“Brighton tonight, where it all began”, so said Dream Wife on Twitter before their homecoming gig at Concorde 2. Indeed the birthing ground of the group, having formed at Brighton University originally as an art project, the trio brought some art-punk magic to the iconic seaside venue. Playing their first Brighton headline set since the release of their terrific eponymous debut album, it’s difficult to describe Dream Wife as anything other than vital, fierce and political luminaries.
Opening on the special night were two-piece ARXX, who won Dream Wife’s open call asking female identifying and non-binary fronted music projects to join them on their headline tour as support. Similar to fellow Brighton band Sit Down, the group create a raucous sound, but also explore country. ‘Stuck on You’, in particular, from their Daughters of Daughters EP, has all the hallmarks of a country classic. Laid-back guitar riffs, and husky vocals, it made for a refreshing change.
Main support on the night, and for the whole tour, were Liverpudlian punk band, Queen Zee. Having impressed us with an exceptionally frenetic show at The Prince Albert earlier in the year, it was hard not to be impressed all over again. Strident and rasping, much of the theatrics come from lead singer Zee, who is an energetic presence on stage throughout. With a bizarre cover of ‘Bonkers’ and opening a circle pit for “ballroom dancing”, it’s clear that Queen Zee don’t adhere to rules or conventions.

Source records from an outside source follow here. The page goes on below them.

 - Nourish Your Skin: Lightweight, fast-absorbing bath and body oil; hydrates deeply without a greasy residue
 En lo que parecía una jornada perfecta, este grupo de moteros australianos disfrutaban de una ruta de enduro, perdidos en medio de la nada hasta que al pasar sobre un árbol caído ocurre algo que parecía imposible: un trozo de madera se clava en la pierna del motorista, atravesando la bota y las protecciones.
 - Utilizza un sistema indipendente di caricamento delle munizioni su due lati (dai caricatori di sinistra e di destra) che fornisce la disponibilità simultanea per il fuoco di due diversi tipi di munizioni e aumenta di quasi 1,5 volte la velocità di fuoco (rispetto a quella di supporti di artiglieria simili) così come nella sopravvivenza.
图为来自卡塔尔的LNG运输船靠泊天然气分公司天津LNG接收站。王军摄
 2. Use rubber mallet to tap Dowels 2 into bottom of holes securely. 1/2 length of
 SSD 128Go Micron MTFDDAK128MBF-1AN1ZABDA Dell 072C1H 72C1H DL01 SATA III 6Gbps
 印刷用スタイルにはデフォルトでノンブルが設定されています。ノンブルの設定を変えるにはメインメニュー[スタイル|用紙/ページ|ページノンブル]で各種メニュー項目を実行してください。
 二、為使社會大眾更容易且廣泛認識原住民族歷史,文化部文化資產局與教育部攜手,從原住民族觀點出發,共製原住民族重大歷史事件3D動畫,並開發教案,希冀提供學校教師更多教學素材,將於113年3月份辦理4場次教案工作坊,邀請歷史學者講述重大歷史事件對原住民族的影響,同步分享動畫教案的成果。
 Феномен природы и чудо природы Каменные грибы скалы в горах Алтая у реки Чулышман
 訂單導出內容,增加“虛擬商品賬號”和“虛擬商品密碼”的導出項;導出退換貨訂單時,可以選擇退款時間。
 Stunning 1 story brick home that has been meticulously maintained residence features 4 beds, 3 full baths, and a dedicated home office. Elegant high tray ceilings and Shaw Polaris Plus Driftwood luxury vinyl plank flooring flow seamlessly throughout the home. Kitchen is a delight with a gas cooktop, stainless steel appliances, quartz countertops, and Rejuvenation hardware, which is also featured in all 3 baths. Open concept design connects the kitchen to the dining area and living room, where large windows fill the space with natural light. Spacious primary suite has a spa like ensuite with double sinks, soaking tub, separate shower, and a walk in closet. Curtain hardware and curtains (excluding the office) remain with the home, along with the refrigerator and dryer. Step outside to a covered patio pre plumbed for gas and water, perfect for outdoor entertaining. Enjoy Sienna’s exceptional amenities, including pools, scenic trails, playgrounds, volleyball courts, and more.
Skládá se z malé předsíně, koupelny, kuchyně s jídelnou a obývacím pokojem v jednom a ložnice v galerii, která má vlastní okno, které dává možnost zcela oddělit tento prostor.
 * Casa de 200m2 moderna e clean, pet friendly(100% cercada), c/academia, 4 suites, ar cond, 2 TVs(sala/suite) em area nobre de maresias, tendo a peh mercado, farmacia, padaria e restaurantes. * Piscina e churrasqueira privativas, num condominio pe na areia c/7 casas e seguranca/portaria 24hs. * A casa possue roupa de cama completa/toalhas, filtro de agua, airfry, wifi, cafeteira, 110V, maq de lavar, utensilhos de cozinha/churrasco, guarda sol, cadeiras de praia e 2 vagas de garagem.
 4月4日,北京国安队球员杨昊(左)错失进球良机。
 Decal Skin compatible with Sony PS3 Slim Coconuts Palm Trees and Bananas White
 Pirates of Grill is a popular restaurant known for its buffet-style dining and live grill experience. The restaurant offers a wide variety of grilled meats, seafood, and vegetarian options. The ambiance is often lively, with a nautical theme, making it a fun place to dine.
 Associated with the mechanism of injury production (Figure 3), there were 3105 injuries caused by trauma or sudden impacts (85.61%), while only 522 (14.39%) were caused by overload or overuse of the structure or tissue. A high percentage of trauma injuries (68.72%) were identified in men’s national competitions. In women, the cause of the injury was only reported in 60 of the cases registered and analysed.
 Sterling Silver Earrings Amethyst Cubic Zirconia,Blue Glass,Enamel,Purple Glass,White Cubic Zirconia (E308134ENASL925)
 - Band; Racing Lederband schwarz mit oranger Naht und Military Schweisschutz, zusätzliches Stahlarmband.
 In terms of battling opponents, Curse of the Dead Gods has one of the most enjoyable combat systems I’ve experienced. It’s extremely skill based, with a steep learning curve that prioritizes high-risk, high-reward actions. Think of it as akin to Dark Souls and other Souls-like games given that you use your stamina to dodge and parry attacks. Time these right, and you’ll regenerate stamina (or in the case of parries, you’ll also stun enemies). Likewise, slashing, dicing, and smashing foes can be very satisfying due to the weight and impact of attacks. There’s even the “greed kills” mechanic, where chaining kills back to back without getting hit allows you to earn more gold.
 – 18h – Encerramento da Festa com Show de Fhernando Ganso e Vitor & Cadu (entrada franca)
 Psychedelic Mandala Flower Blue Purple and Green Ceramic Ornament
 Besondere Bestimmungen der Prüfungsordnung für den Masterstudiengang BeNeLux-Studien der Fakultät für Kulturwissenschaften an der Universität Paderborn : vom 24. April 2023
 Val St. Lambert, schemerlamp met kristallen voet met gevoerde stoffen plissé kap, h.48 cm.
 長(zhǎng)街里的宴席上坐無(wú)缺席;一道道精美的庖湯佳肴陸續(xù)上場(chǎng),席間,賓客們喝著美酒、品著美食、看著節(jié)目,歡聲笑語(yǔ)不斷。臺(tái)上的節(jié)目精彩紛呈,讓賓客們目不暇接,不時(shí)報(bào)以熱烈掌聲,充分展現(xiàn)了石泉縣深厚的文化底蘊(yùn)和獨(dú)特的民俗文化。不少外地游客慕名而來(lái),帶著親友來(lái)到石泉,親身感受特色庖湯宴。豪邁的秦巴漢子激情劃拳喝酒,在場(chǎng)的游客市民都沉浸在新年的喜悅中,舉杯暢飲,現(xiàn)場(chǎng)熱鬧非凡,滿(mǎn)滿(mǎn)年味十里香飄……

I’m a sucker for a band arriving onstage to an ironic, tongue-in-cheek number so Dream Wife arriving to a mashup of Sophie Ellie Bextor’s ‘Murder on the Dancefloor’ and 2 Unlimited’s ‘Get Ready For This’ had me hooked from the start. Unsurprisingly, with early outings for the likes of early single ‘Lolita’ and Dream Wife lead single ‘Fire’ brought the tenacity and composure to tackle venues of this magnitude. It’s easy to forget just how many cracking, ear-worm heavy tracks the trio have at this point, and the likes of ‘F.U.U.’ and ‘Let’s Make Out’ had the crowd in raptures.
Most impressive, however, is lead singer Rakel Mjöll’s intense, hyperactive on-stage antics. Prowling from left to right of the stage, and constantly on the move making profound eye contact with the front section of the audience, there’s a wild energy to her performance that’s incredibly captivating. Vocally, too, she was incredible. Spiky, ferocious, and cutting, there’s more than a little bit of legendary frontman Mark E. Smith about her. Ultimately, she holds the band together and gives them that extra savagery in the band’s performance.
Then, of course, there’s the band’s on-point political stance. Introducing one of their best songs, ‘Somebody’, by bringing, “All the bad bitches to the front” and stating that “gender is fluid”, it’s a genuinely heartwarming moment to see the band using their stature to be incredible role models for their young fans. Creating a warm environment, despite their ruthless and vicious repertoire, Dream Wife have an aura of dynamic and rapid change about them and it’s encouraging and affecting to witness. Whether they’re holding talks before their gigs to create safe spaces, looking after their fans, or performing songs about rape culture, girl power or a celebration of female sexuality, Dream Wife are striving for what all bands should undertake: genuine change.